The Esquire essays, it seems to me, are more whoring in their own right, with their charming superficial detail and skirting of the issues, an emotional striptease that titillates the readers while leaving the brutal truth unrevealed—and doing it, too, for a quick buck. Then again, I guess he was inventing the genre himself; and if we've learned anything from the history of the celebrity breakdown memoir since then, it's that those grimy details don't make it any more honest, just more porn and less burlesque. And then there are bits of authentic Fitzgerald finesse that are worth the whole package, like the most famous:
at three o’clock in the morning, a forgotten package has the same tragic importance as a death sentence, and the cure doesn’t work -- and in a real dark night of the soul it is always three o’clock in the morning, day after day.
The really startling thing, though, that I think doesn't get discussed much at all, is the bitterness that he ends with, concluding, perhaps, that his own mind isn't first-rate at all and he can't effectively hold those two dialectical poles together; can't, in fact, continue to be both a writer and a man:
since I could no longer fulfill the obligations that life had set for me or that I had set for myself, why not slay the empty shell who had been posturing at it for four years? I must continue to be a writer because that was my only way of life, but I would cease any attempts to be a person -- to be kind, just, or generous. There were plenty of counterfeit coins around that would pass instead of these and I knew where I could get them at a nickel on the dollar.

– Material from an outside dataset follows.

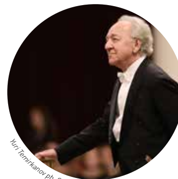
Yuri Temirkanov
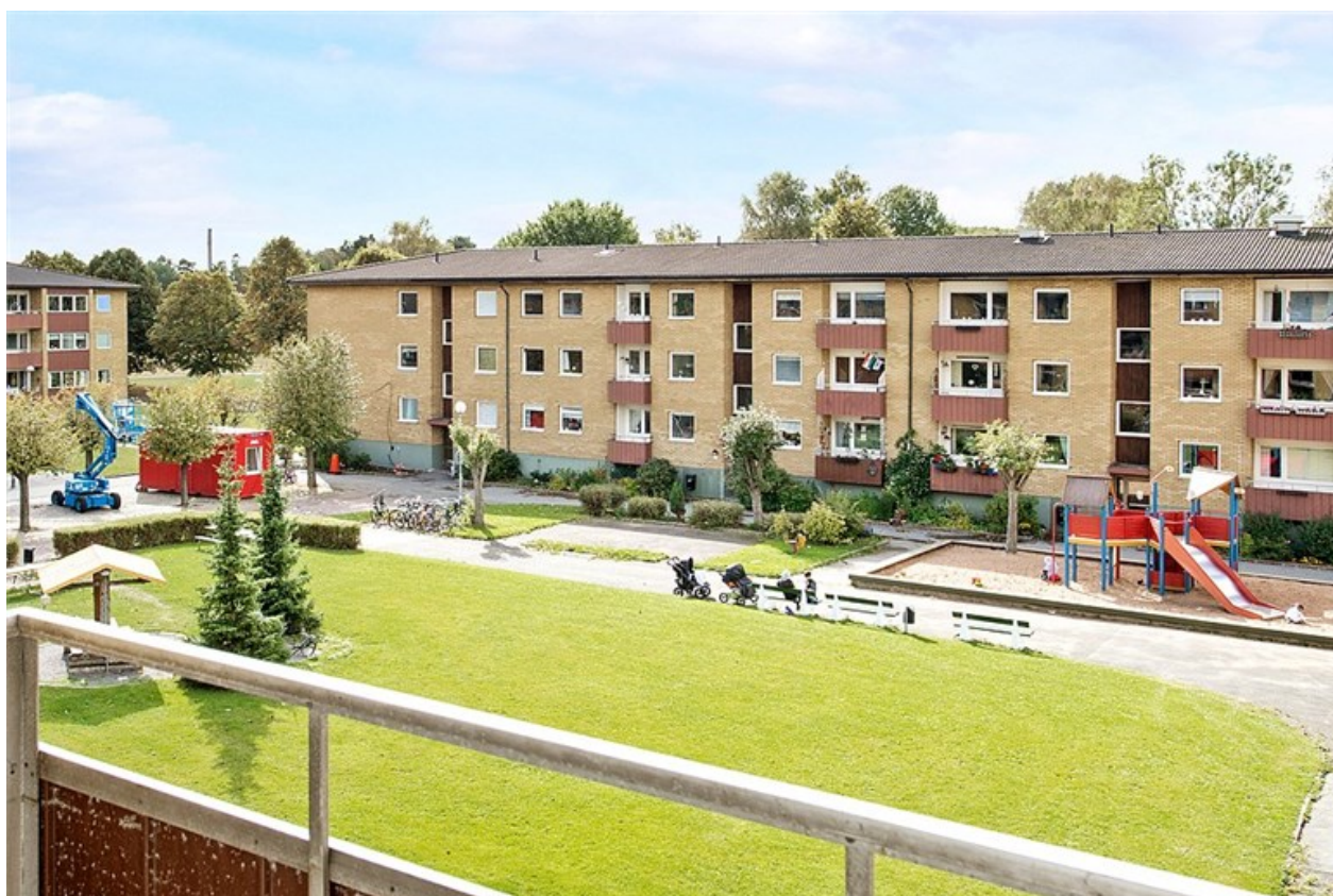
Välkomna till Bergkristallsgatan 28

That sounds showoffy and self-dramatizing, and yet: only a few months later he was off to Hollywood himself, selling himself to the despised Darryl F. Zanuck. Why be a whore when you can be a call girl?

The Republican party under the advice of Mr. Arthur Brooks will be coming to pretty much the same conclusion, announcing its commitment (Rubio, Ryan) to being nice; it's their oldest profession, going back long before Jack Kemp to Herbert Hoover, and there's no reason to think it's ever been sincere.